* Task details *
Retype the material that follows exactly, limited to the lines from the one with "住宿标准:宿舍为标准化军营配" through the one with "This classic torso", and keep out all pictures.

* Input records *
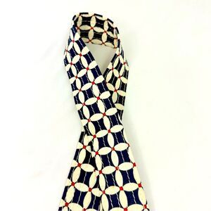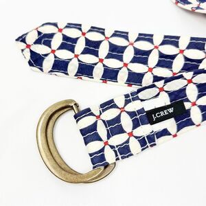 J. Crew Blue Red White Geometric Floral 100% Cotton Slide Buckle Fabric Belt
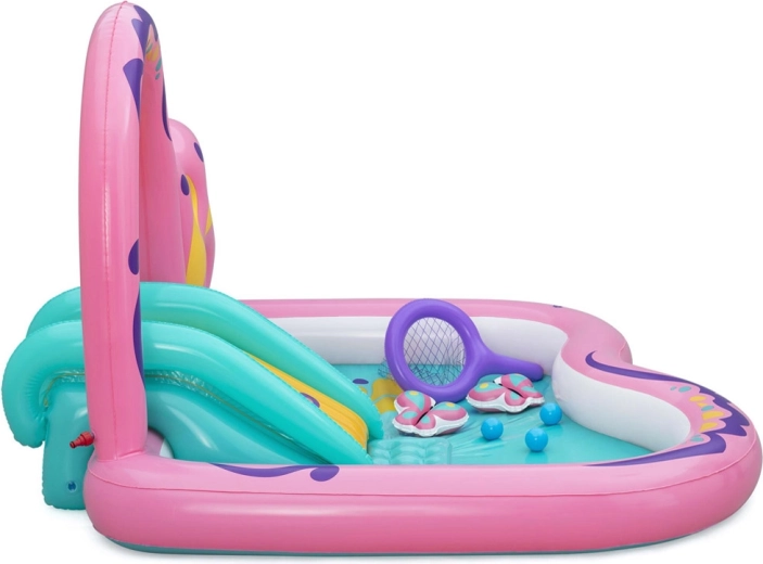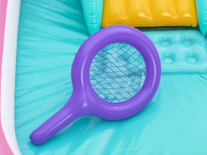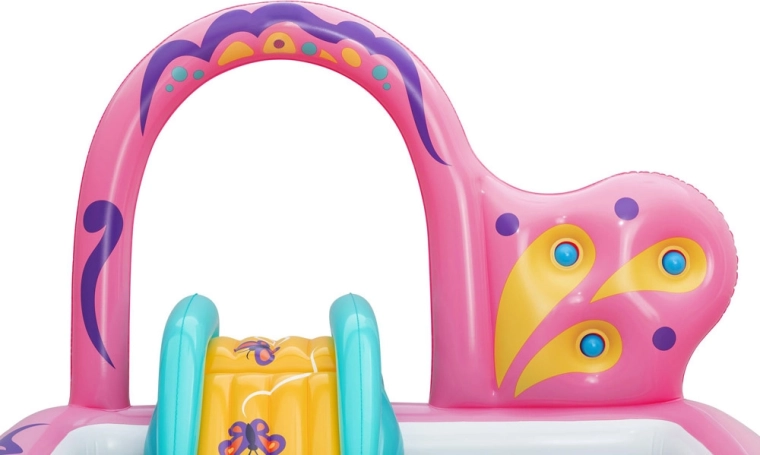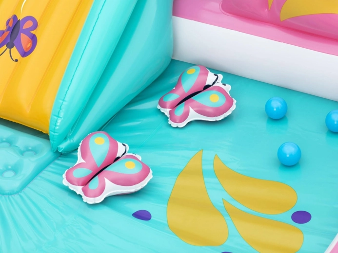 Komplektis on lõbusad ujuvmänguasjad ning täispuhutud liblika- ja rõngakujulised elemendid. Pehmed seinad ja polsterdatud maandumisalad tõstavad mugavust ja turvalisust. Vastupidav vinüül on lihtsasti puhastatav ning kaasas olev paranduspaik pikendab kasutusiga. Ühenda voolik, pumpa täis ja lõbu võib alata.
--
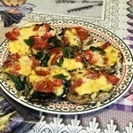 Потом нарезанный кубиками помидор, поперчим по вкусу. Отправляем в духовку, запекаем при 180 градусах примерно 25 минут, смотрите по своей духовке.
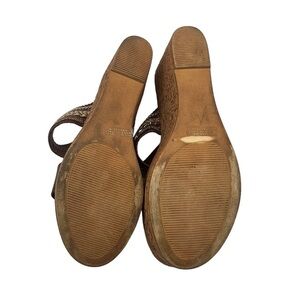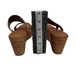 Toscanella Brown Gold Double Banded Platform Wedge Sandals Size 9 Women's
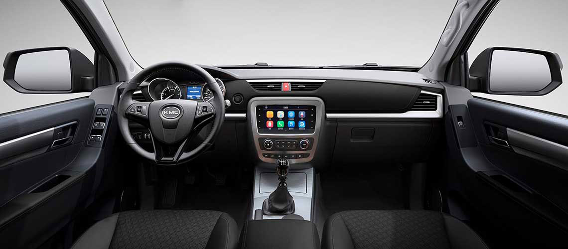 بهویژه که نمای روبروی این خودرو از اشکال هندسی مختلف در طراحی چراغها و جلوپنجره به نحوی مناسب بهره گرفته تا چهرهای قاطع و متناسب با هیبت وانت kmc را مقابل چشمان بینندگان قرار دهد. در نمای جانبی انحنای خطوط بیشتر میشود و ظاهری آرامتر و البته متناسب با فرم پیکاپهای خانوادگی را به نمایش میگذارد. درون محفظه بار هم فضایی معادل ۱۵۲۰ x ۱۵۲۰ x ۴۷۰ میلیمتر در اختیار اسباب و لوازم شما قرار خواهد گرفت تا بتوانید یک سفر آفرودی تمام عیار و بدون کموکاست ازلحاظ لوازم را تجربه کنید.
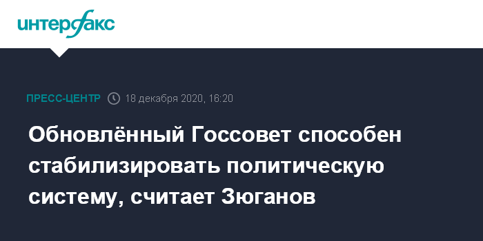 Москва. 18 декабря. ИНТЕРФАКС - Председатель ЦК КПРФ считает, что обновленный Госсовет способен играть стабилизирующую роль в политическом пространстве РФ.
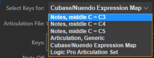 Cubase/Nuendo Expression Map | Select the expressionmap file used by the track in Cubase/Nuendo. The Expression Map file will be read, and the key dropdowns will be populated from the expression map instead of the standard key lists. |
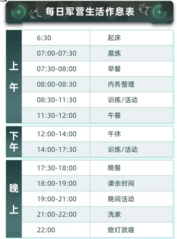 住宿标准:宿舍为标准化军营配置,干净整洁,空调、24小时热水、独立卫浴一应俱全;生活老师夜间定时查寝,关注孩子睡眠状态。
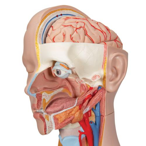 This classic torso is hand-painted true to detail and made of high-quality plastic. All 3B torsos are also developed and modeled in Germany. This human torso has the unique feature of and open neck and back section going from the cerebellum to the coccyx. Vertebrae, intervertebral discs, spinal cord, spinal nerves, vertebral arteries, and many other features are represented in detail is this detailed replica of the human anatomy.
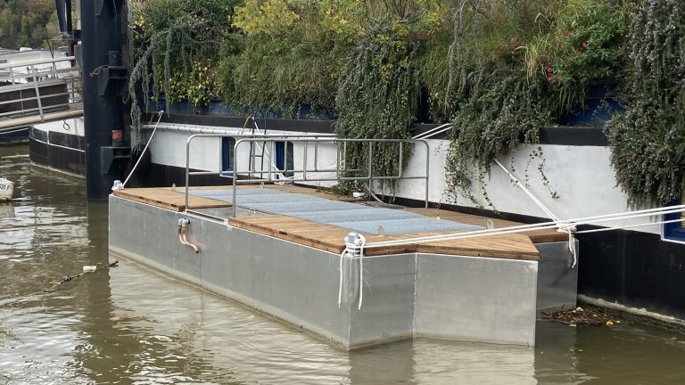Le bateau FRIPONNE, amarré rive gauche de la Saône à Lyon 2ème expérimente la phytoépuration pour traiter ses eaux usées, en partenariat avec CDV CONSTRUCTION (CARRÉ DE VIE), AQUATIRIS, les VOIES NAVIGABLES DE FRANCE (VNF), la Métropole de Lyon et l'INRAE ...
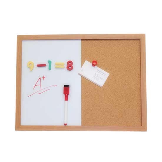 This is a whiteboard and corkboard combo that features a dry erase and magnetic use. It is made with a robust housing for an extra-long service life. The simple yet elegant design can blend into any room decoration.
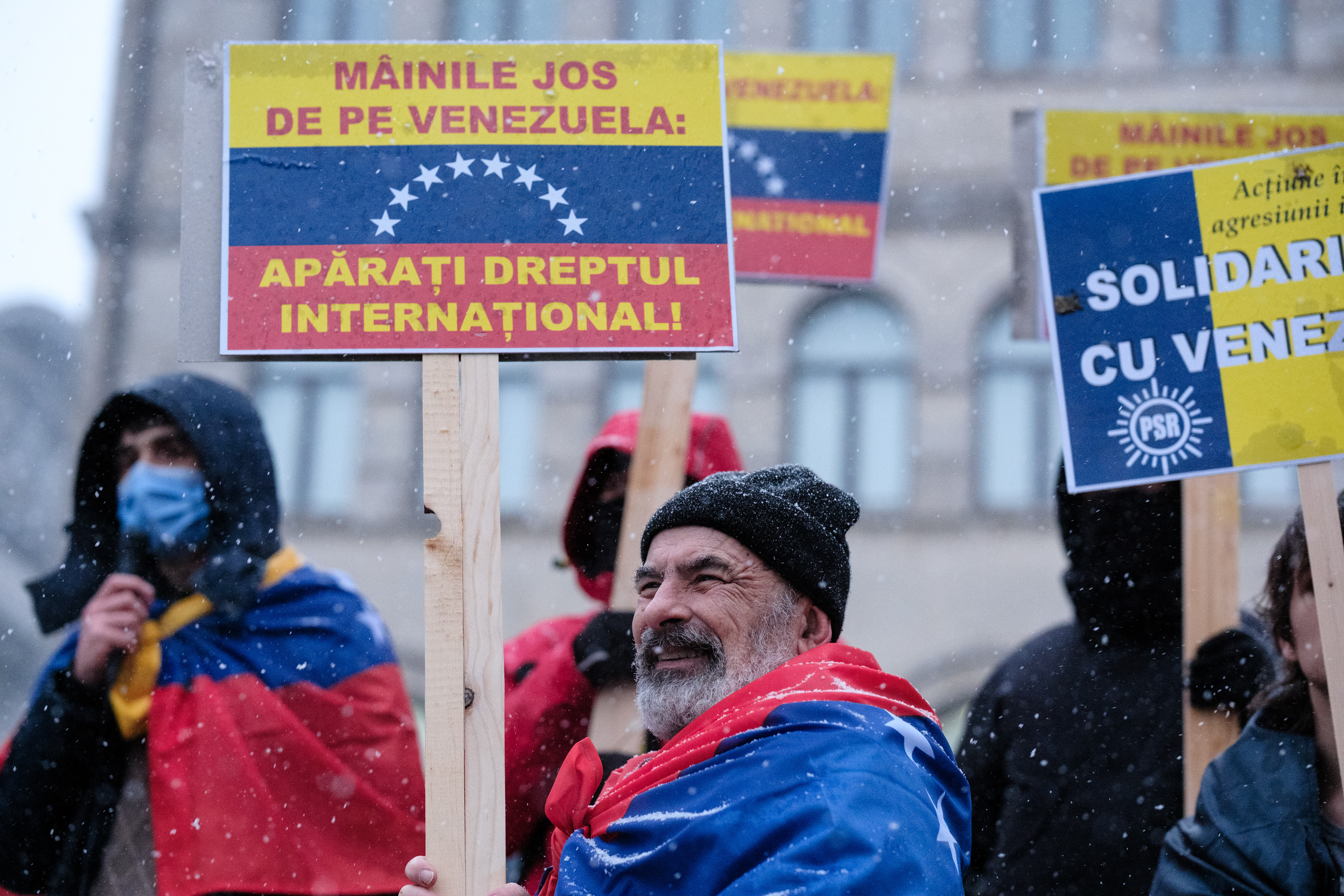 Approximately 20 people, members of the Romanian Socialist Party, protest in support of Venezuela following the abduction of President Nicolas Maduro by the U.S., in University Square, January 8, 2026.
* * *
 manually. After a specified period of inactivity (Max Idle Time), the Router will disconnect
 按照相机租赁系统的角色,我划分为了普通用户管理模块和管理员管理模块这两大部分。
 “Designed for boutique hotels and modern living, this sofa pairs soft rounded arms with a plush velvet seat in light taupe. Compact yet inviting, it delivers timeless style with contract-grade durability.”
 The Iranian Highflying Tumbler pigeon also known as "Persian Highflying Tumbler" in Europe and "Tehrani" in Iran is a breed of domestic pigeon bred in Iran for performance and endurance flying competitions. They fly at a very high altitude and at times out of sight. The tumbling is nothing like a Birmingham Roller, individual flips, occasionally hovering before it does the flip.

* Response *
 住宿标准:宿舍为标准化军营配置,干净整洁,空调、24小时热水、独立卫浴一应俱全;生活老师夜间定时查寝,关注孩子睡眠状态。
 This classic torso is hand-painted true to detail and made of high-quality plastic. All 3B torsos are also developed and modeled in Germany. This human torso has the unique feature of and open neck and back section going from the cerebellum to the coccyx. Vertebrae, intervertebral discs, spinal cord, spinal nerves, vertebral arteries, and many other features are represented in detail is this detailed replica of the human anatomy.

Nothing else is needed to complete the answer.